The Fourth Way is a concept used by G. I. Gurdjieff to describe an approach to self-development learned over years of travel in the East that combined what he saw as three established traditional "ways," or "schools" into a fourth way. These three ways were of the body, mind and emotions. According to his principles and instructions, Gurdjieff's method for awakening one's consciousness is different from that of the fakir, monk or yogi, so his discipline is also called the ‘Fourth Way’. His pupil P.D. Ouspensky from 1924 to 1947 made the term and its use central to his own teaching of Gurdjieff's ideas, and after Ouspensky's death, his students published a book titled The Fourth Way based on his lectures.

P. D. Ouspensky had developed his system of Self-discovery from the fundamental idea that ordinary human consciousness is incomplete and that it is possible for it to evolve further by personal effort and understanding. Historically, this approach has generally been confined to closed orders, religious or otherwise and directed to the development of one particular human faculty: intellectual, emotional or physical. Ouspensky promoted the practice of a ‘Fourth Way’, whereby ordinary people, remaining engaged in life, could work on all three aspects simultaneously. His teaching asserts the unity of the individual with the whole cosmos in both structure and potential.

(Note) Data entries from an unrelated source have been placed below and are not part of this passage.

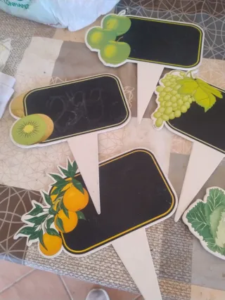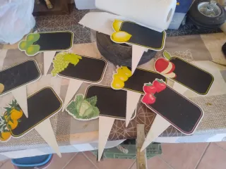 Set de carteles decorativos con motivos de frutas y verduras, perfectos para dar un toque original a tus espacios. 9 CARTELES EN TOTAL. TAMAÑO DE LA PIZARRA 15×9 cm - Diseño de limones. - Diseño de uvas. - Diseño de peras. - Diseño de manzanas. - Diseño de fresas. - Diseño de naranjas. - Diseño de aceitunas. - Diseño de col.
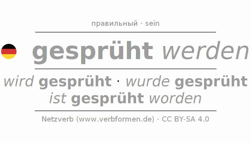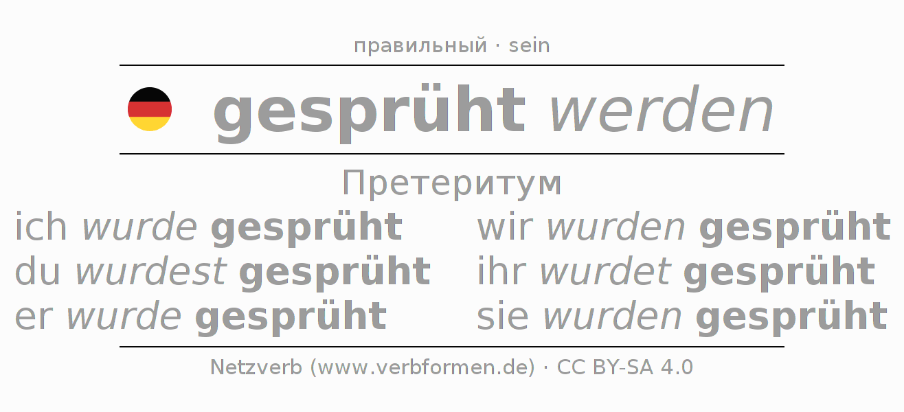 Спряжение sprühen в Претеритум Индикатив Прошлое время Пассив с werden: ich wurde gesprüht, du wurdest gesprüht, er wurde gesprüht, wir wurden gesprüht, ihr wurdet gesprüht, sie wurden gesprüht.Образование этих форм происходит по определённым грамматическим правилам. Так же спрягаются простые глагольные формы sprühen в Претеритум. Kомментарии ☆
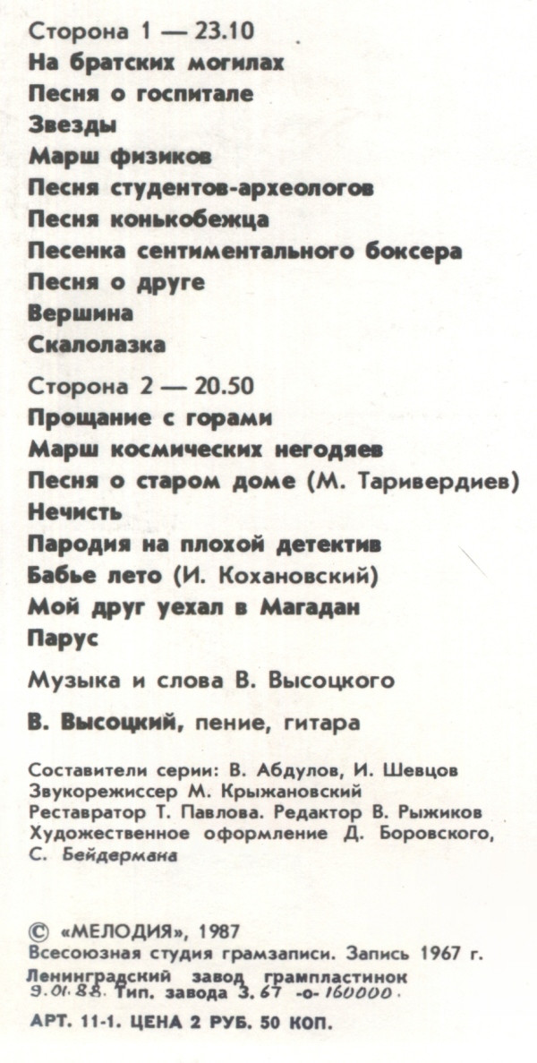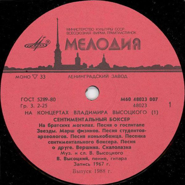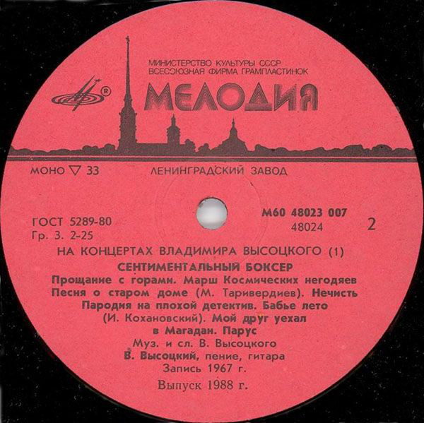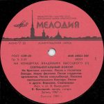 Владимир Высоцкий – Сентиментальный Боксёр (LP, Album, Mono, RP)
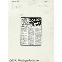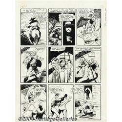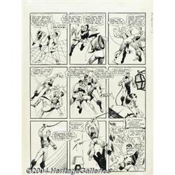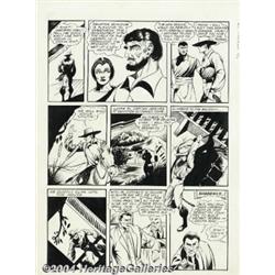 <B>Arturo Cazeneuve (attributed) - Hello Pal Comics #1 Complete 7-page Story, El Capitan in "Mission Unknown" Original Art (Harvey, 1943).</B></I> A Gestapo bully shows his lack of class by hitting a lady, setting the stage for his well-deserved comeuppance. El Capitan is riding into Santa Rio, and the whip-crackin' wonder launches an all-out assault on Hermann Goering's minions. The foreshortened action poses would make Lou Fine and Gil Kane proud! Once his work is done, the daring Guardian of Democracy does not wait for any embarrassing thanks, he simply rides off into the South American horizon, like the strong, silent hero he is! As a bonus in this lot, a one page text story, "Roaring Guns," is included. It sports a blazing spot illustration of a hammer-fanning gunslinger. The story is in overall Very Good condition, with only a paste-on caption missing on page one. The art also has a well done paste-on art correction in the final panel. The overall paper size is 15" x 20", with a 13" x 18" image area. Amigos, for exotic action-adventure, you will have a hard time besting this peerless Golden Age El Capitan thriller. <BR><BR><B>Important notice:</B> Heritage usually auctions material at the rate of 200-250 lots per hour. On some occasions eBay Live bid software or the Internet may not be able to keep up with the pace of the auction. We recommend placing a realistic absentee bid now as insurance to avoid disappointment. Occasionally the auctioneer may eliminate or reject an eBay Live bid, and the auctioneer may also reopen a lot after the close of the eBay live bidding (usually because we missed an audience bid), and may reject your bid even if it shows you as the winning bidder. By bidding via eBay Live, you agree that Heritage may award the lot to another bidder at its sole discretion under the circumstances described above or any other reasonable circumstances. Since eBay bids are not shown to us until we open the lot on the floor, we treat those bids just like floor bids. In most cases the floor responds before the eBay bid is presented to us, due to Internet lag time, so for consistency we have made it a policy that floor bids are always considered first over tie eBay live bids. Also please note that all Heritage lots purchased through eBay Live carry a 20% Buyer's Premium. Please make sure you read the Terms and Conditions before you bid.

In Russia, Ouspensky had learned a system of knowledge and certain practical methods from G. I. Gurdjieff and until his death in 1947 Ouspensky devoted his life to further developing this system in the light of his own ideas. He established large groups of pupils in London and New York. Ouspensky’s London headquarters before and following World War II were at Colet House. This work led him to the conviction that the system was essentially incomplete; in particular it lacked a simple method to allow the ideas to develop naturally into behaviour and experience.